» **Information given**
********************

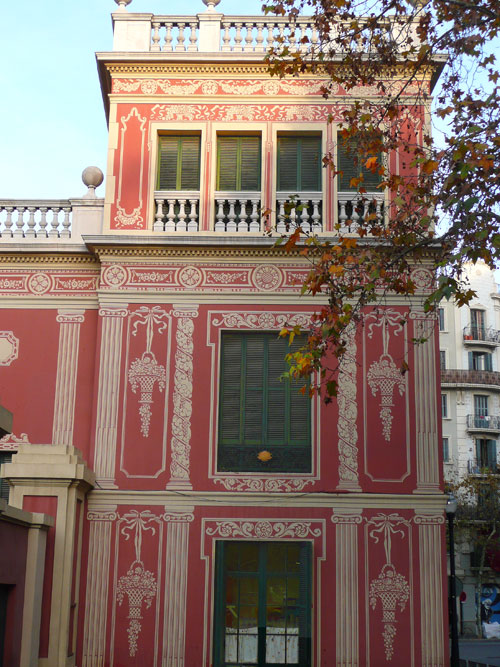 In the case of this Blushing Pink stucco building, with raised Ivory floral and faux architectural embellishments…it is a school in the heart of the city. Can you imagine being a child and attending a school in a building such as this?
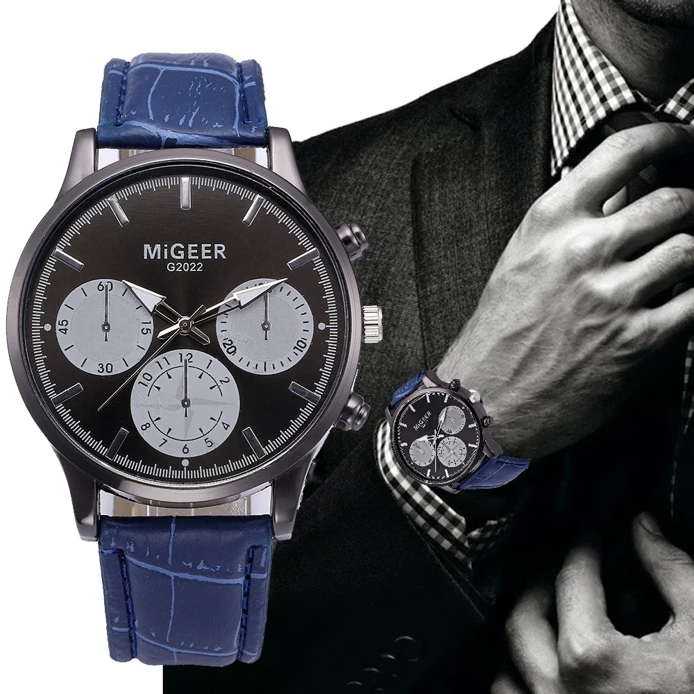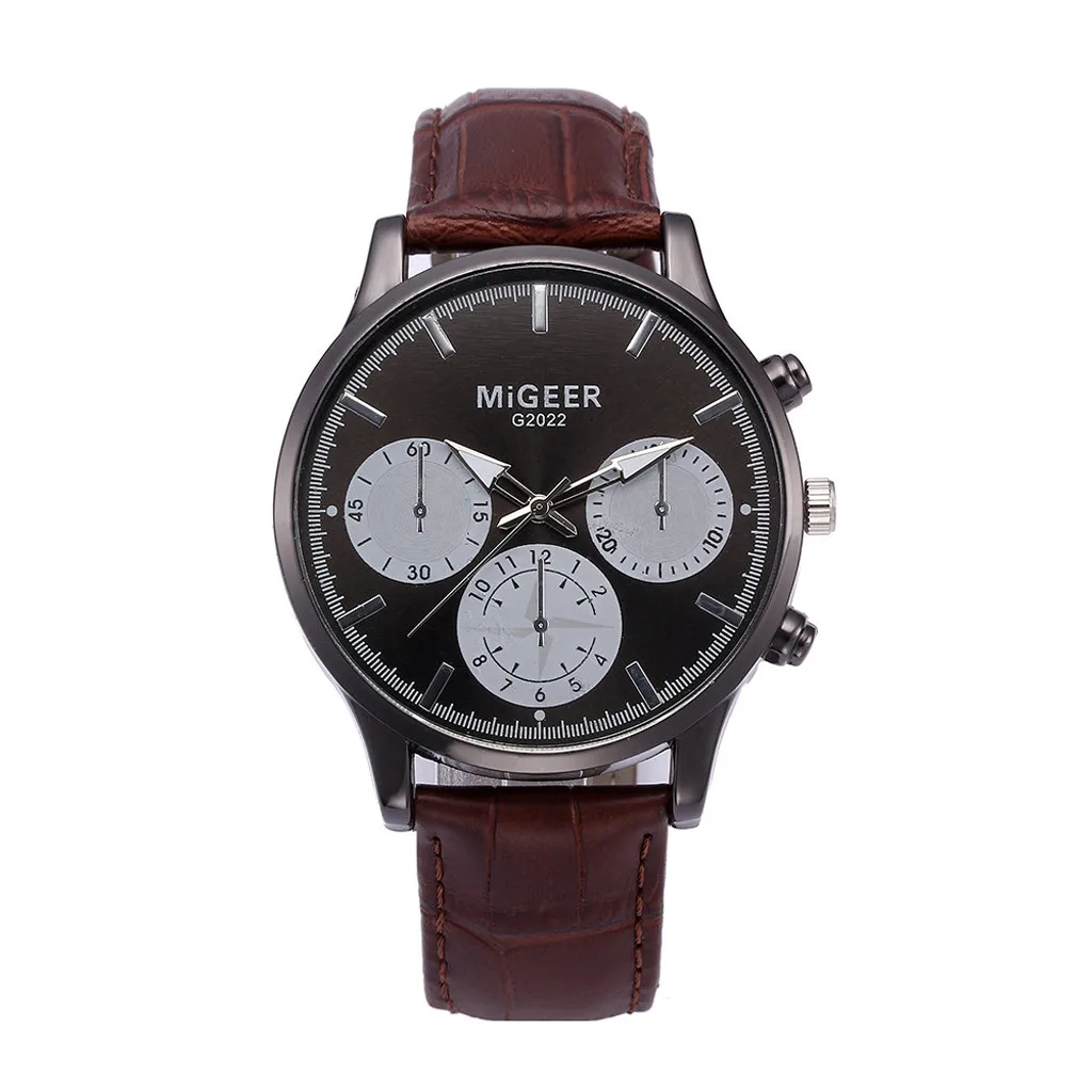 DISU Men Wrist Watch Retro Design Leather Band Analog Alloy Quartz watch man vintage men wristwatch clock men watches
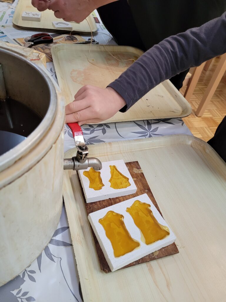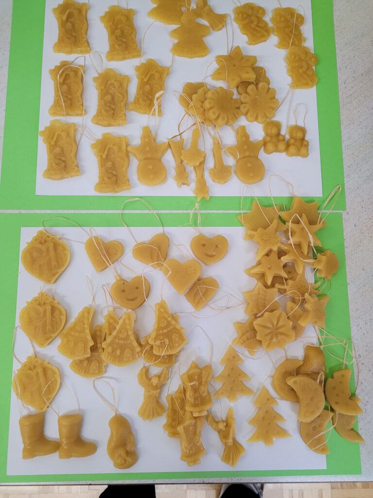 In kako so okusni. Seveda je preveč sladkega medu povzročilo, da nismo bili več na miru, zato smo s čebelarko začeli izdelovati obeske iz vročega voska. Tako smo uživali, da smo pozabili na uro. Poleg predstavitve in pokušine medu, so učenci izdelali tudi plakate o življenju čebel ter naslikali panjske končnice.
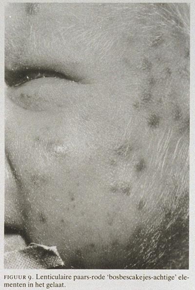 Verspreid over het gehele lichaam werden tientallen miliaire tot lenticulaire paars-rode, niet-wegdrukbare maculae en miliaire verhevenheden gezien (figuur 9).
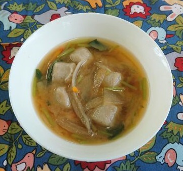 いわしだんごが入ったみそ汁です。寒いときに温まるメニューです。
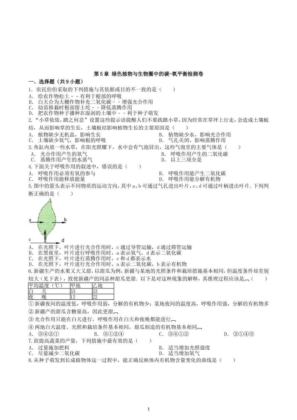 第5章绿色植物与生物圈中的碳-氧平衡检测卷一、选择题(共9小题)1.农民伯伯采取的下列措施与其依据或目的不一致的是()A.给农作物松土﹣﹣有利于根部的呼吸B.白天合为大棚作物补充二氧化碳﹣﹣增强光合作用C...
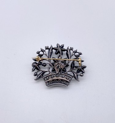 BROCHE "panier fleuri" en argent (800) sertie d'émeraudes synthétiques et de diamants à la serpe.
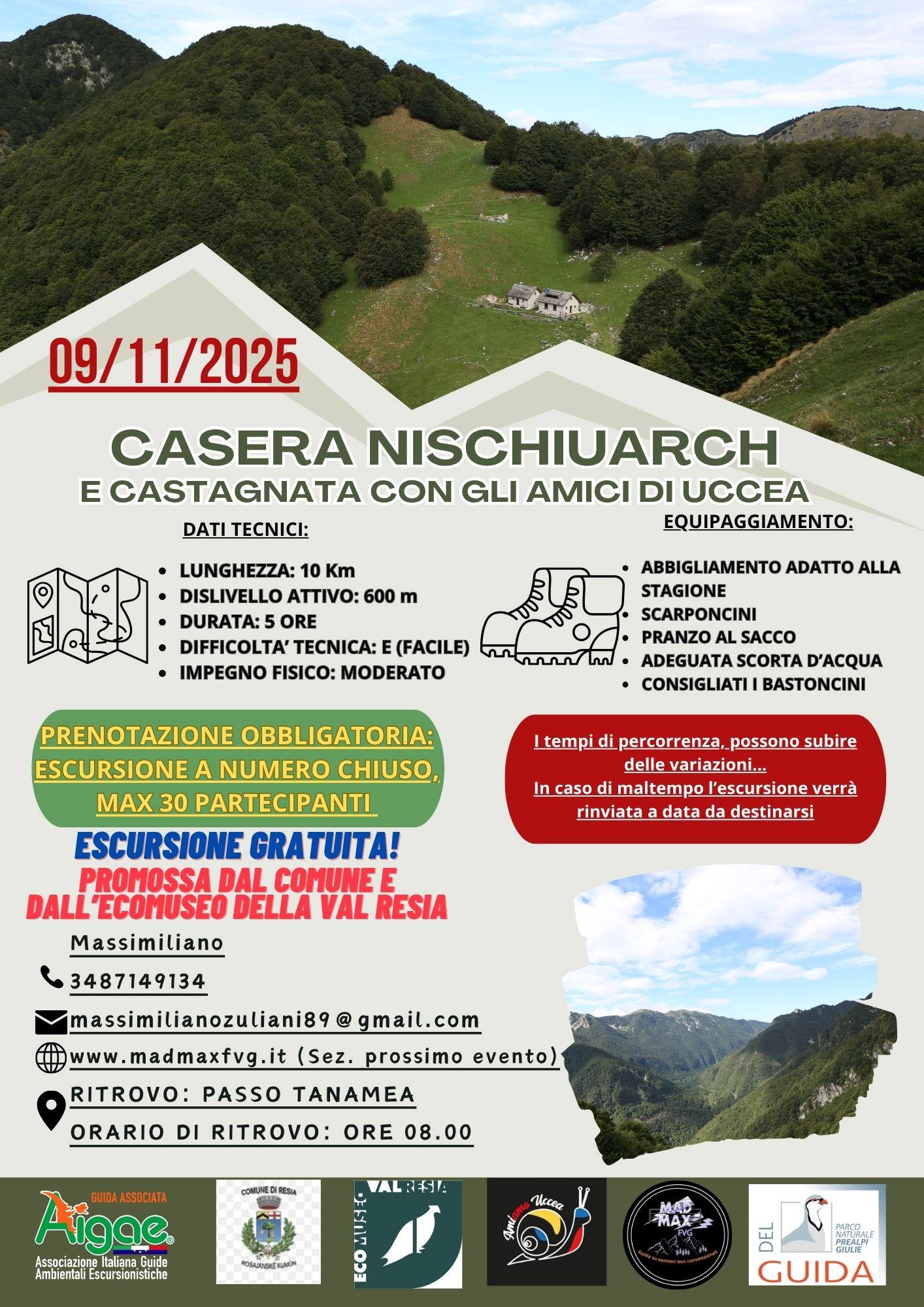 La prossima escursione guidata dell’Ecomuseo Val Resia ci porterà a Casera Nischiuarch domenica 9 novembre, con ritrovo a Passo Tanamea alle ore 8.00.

********************

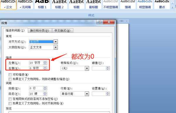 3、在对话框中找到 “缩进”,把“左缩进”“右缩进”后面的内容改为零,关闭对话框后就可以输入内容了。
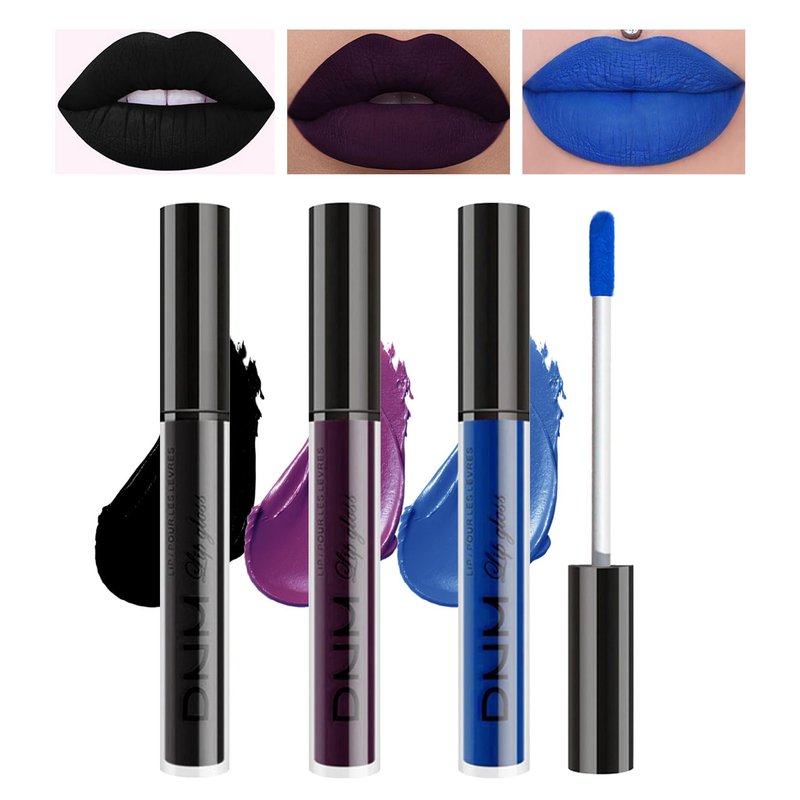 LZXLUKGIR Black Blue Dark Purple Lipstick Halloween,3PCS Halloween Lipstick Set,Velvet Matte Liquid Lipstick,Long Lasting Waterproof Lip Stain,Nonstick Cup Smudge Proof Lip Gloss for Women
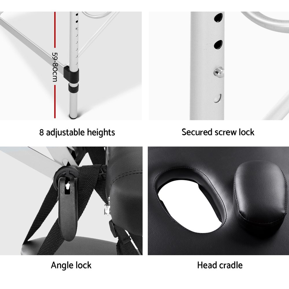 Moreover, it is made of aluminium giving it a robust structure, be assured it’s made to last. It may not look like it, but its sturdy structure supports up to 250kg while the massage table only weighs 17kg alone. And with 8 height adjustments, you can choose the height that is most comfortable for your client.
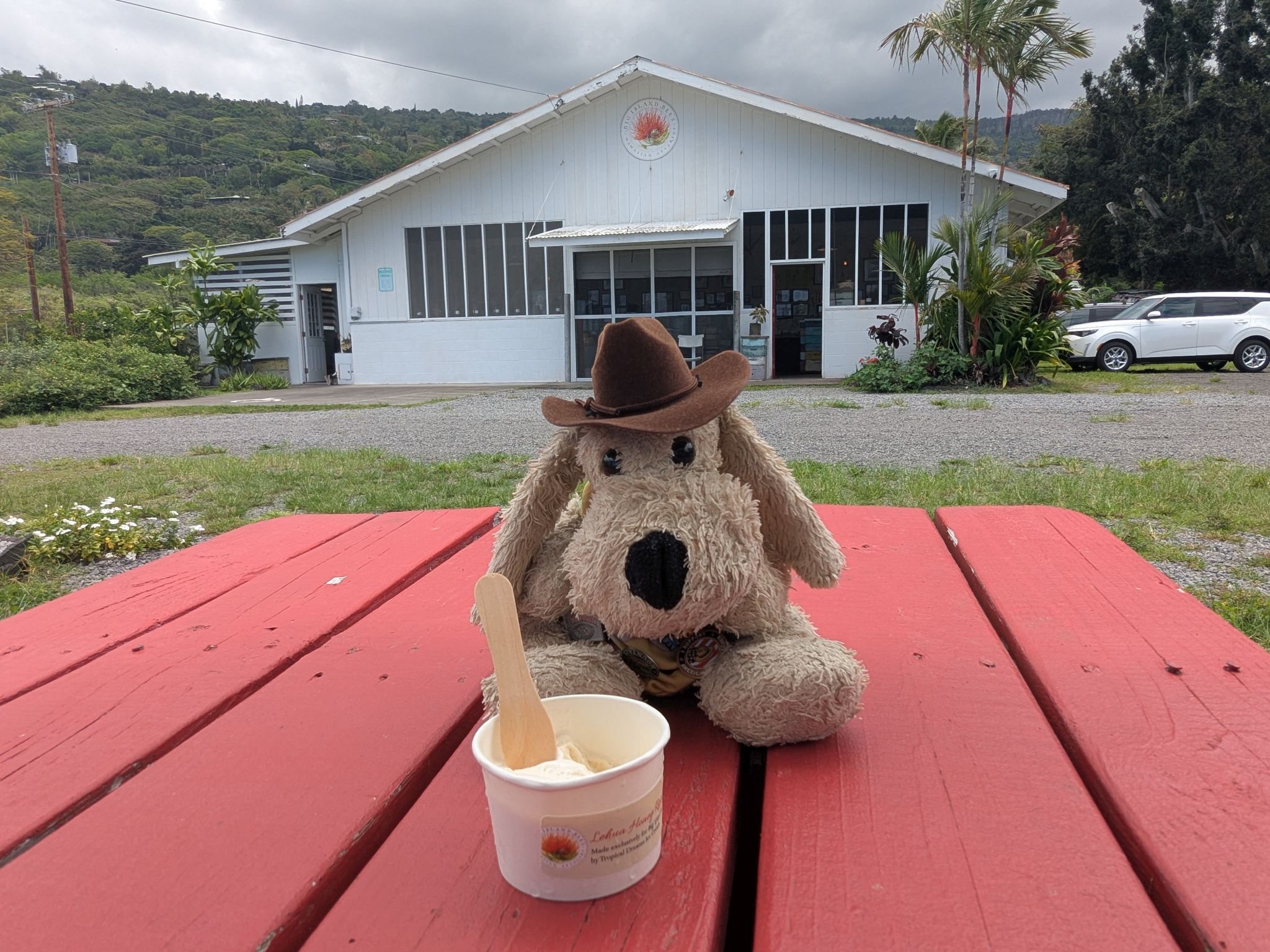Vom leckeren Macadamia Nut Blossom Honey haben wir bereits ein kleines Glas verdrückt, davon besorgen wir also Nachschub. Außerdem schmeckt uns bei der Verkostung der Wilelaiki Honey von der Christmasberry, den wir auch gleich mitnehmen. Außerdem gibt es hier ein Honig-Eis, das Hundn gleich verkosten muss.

********************

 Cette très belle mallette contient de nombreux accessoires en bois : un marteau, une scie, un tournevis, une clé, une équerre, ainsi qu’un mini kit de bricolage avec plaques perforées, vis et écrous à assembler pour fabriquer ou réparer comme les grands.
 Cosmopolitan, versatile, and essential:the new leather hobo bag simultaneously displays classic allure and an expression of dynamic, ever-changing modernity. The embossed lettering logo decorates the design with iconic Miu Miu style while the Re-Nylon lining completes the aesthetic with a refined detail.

********************

» **Exercise instructions**
Word for word, retype the lines in the entries above that run from the one with "Verspreid over het" through the one with "La prossima escursione". Both ends count; pictures do not.

» **Exercise output**
 Verspreid over het gehele lichaam werden tientallen miliaire tot lenticulaire paars-rode, niet-wegdrukbare maculae en miliaire verhevenheden gezien (figuur 9).
 いわしだんごが入ったみそ汁です。寒いときに温まるメニューです。
 第5章绿色植物与生物圈中的碳-氧平衡检测卷一、选择题(共9小题)1.农民伯伯采取的下列措施与其依据或目的不一致的是()A.给农作物松土﹣﹣有利于根部的呼吸B.白天合为大棚作物补充二氧化碳﹣﹣增强光合作用C...
 BROCHE "panier fleuri" en argent (800) sertie d'émeraudes synthétiques et de diamants à la serpe.
 La prossima escursione guidata dell’Ecomuseo Val Resia ci porterà a Casera Nischiuarch domenica 9 novembre, con ritrovo a Passo Tanamea alle ore 8.00.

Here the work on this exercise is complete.